Salah satu program unggulan pemerintah yang digenjot kencang untuk meningkatkan taraf perekonomian masyarakat, adalah pemberian Kredit Usaha Rakyat (KUR). Melalui program ini pelaku usaha kecil mendapat bantuan pinjaman yang persayaratannya mudah. Kalau hal ini dianggap akan menjadi penyelamat, tentu cukup beralasan, meski harus dicamkan bahwa tidak akan bisa instan.
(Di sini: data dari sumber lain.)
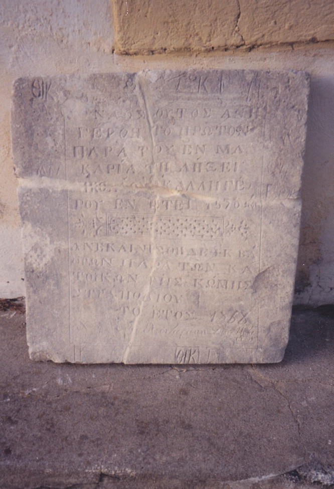 O NAOΣ OYTOΣ ANHΓEPΘH TO ΠPΩTON ΠAPA TOY EN MAKAPIA TH ΛHΞEI NIKOΛAOY KAΛΛIΓEPOY EN ETEI 1570.

BRI sebagai bank yang paling agresif dalam menyalurkan KUR menyampaikan bahwa sampai akhir tahun 2015 telah merelealisir pinjaman tersebut sejumlah Rp 15 triliun dari sekitar 860.000 orang peminjam, seperti diberitakan koran Investor Daily, 29 Desember 2015. Dari koran yang sama diberitakan pula adanya penyaluran KUR dari Kantor Cabang BRI Tanah Abang Jakarta kepada 120 orang pengusaha/pemilik angkutan bajaj dan 120 orang pengusaha tahu-tempe. Masing-masing pengusaha bajaj mendapat kredit Rp 65 juta (tergolong KUR Ritel) dan perajin tahu-tempe Rp 25 juta (tergolong KUR Mikro).
Untuk tahun 2016 ini melalui berbagai bank yang ditunjuk pemerintah, ditargetkan lebih dari Rp 100 trilyun KUR akan disalurkan. Jadi kalau selama ini banyak pelaku usaha kecil yang terganjal berbagai persyaratan teknis administratif bila mengajukan pinjaman kepada bank, dengan KUR hal tersebut tidak menjadi persyaratan utama, sepanjang bank meyakini usaha yang dilakukan calon peminjam punya prospek, dalam arti dinilai mampu mengembalikan kredit bank bersumber dari hasil usahanya tersebut.
Pemerintah pun juga memberi subsidi bunga atas pembiayaan KUR ini. Artinya suku bunga yang dikenakan kepada pelaku usaha kecil lebih rendah dari suku bunga sejenis yang bukan KUR. KUR Mikro sebagai contoh di tahun 2015 mengenakan suku bunga 12 % pada peminjam, meski bank juga mendapat 5 % dari pemerintah. Jadi total yang didapat bank adalah 17 %. Namun ini masih di bawah suku bunga kredit sejenis yanng bukan KUR, yang bisa di atas 20 %. Bahkan di tahun ini suku bunga KUR Mikro yang dibebankan pada nasabah kemungkinan lebih rendah lagi.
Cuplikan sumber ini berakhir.